The use of the term Extension I believe is because of the implementation/syntax approach used to describe this behavior in C#. In C# you don't have free functions, so instead you need a new class with static methods. This makes the new class act as an "extension" of another object. D having free functions and the functionality working on more than objects means "Extension" wouldn't be a good term to describe it.
July 27, 2018
On Friday, 27 July 2018 at 03:41:29 UTC, Sameer Pradhan wrote:
> During our Boston D Meetup today, we went through and deconstructed Walter's wonderfully elegant blog post from 2012 called "Component Programming in D"
>
> http://www.drdobbs.com/article/print?articleId=240008321&siteSectionName=architecture-and-design
>
> I stumbled upon this gem (and another score or so articles on the digital mars site) a few days back, while following various hyperlinks, within and around the blog on Walter's take on what was C's biggest mistake which has been getting a lot of comments over the past few days.
>
> This post which I have been trying to digest bit-by-bit over the past few days, made me realize why I fell in love with D in the first place. To top it all, Steven played a lightening talk from 2018, called "values as types" by Andreas (https://youtu.be/Odj_5_pDN-U?t=21m10s) which is a parody on C++ and is so utterly ludicrous, we could not stop laughing.  Anyway, back to the point.
>
> During the same period, but independent of the thread on C's mistake, I found that Kotlin has something called "Extension Functions" and "Extension Properties" (https://kotlinlang.org/docs/reference/extensions.html) via. the following article on Medium
>
> https://medium.com/@magnus.chatt/why-you-should-totally-switch-to-kotlin-c7bbde9e10d5
>
> Specifically Item #14.
>
> What I saw/read seemed eerily familiar. Almost like a "wolf in sheeps clothing". The example screamed of UFCS.  Then, later, while reading the above Kotlin documentation, I saw a reference being made to similar functionality in C# and Gosu (apparently a programming language that I have never heard of before today) called Extensions.
>
> Furthermore, I found that Project Lombok (https://projectlombok.org/features/experimental/ExtensionMethod) has tried to make this idiom/functionality available in Java through a @ExtensionMethod annotation. This also almost exactly represent UFCS functionality, though much more cludgy, I must say.
>
> Therefore, after reading the word "Extension" in three different contexts, I started wondering and various questions came to mind, starting with---Whence came UFCS?
>
> a. Did Walter and/or Andrei invent it independently of C#?

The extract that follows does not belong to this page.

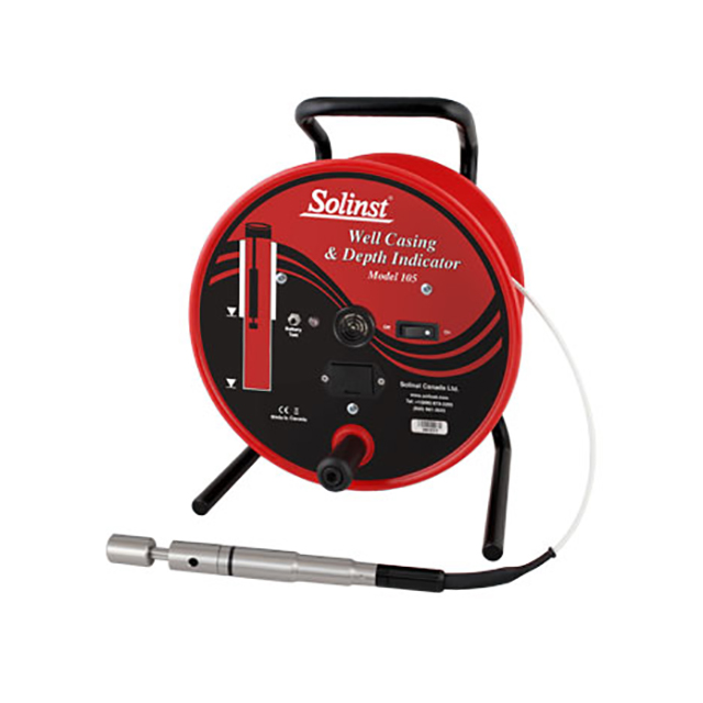 Solinst 105型套管和深度指示器可檢測金屬套管,并使用一個探針測量總井深。井套管和深度指示器是確定新結構或現有結構中金屬套管端部和起點的理想選擇,在安裝井下儀器時很有用,在測量井深時使用簡單。探針中的強磁性組件檢測油井套管,而探針底部的柱塞組件則發出井深信號。

> b. Was it called UFCS in some other language?
> c. Were they not aware of Extensions when they coined UFCS?
> d. Are UFCS and Extensions really one and the same thing?
> e. If not, what is/are the difference(s)?  And is this why a different term/acronym was coined?
>
> As far as I can tell a Google search on UFCS leads to only material on D and a Wikipedia entry mentioning Stroustrup and Sutter's proposal from 2016 to extend C++ to have this facility. It is likely that the Wikipedia article is severely incomplete in its historical connections as there is no mention of C# or that of Walter's 2012 Dr. Dobbs post which already lists it towards the end---in the list of features that D has which allows the creation of elegant components---among other dozen or so features.
>
> In the end I thought I might as well dump my thoughts on the D forum and hear straight from the horse's (or horses') mouth(s)---so to speak.
>
> --
> Sameer

I remember reading an article that Andrei wrote a long time ago that cited an older language as the inspiration for UFCS, but it was probably from around 2007 where UFCS for arrays was already well-established (I never knew that it was actually a bug at one point). I don't remember what that language was unfortunately.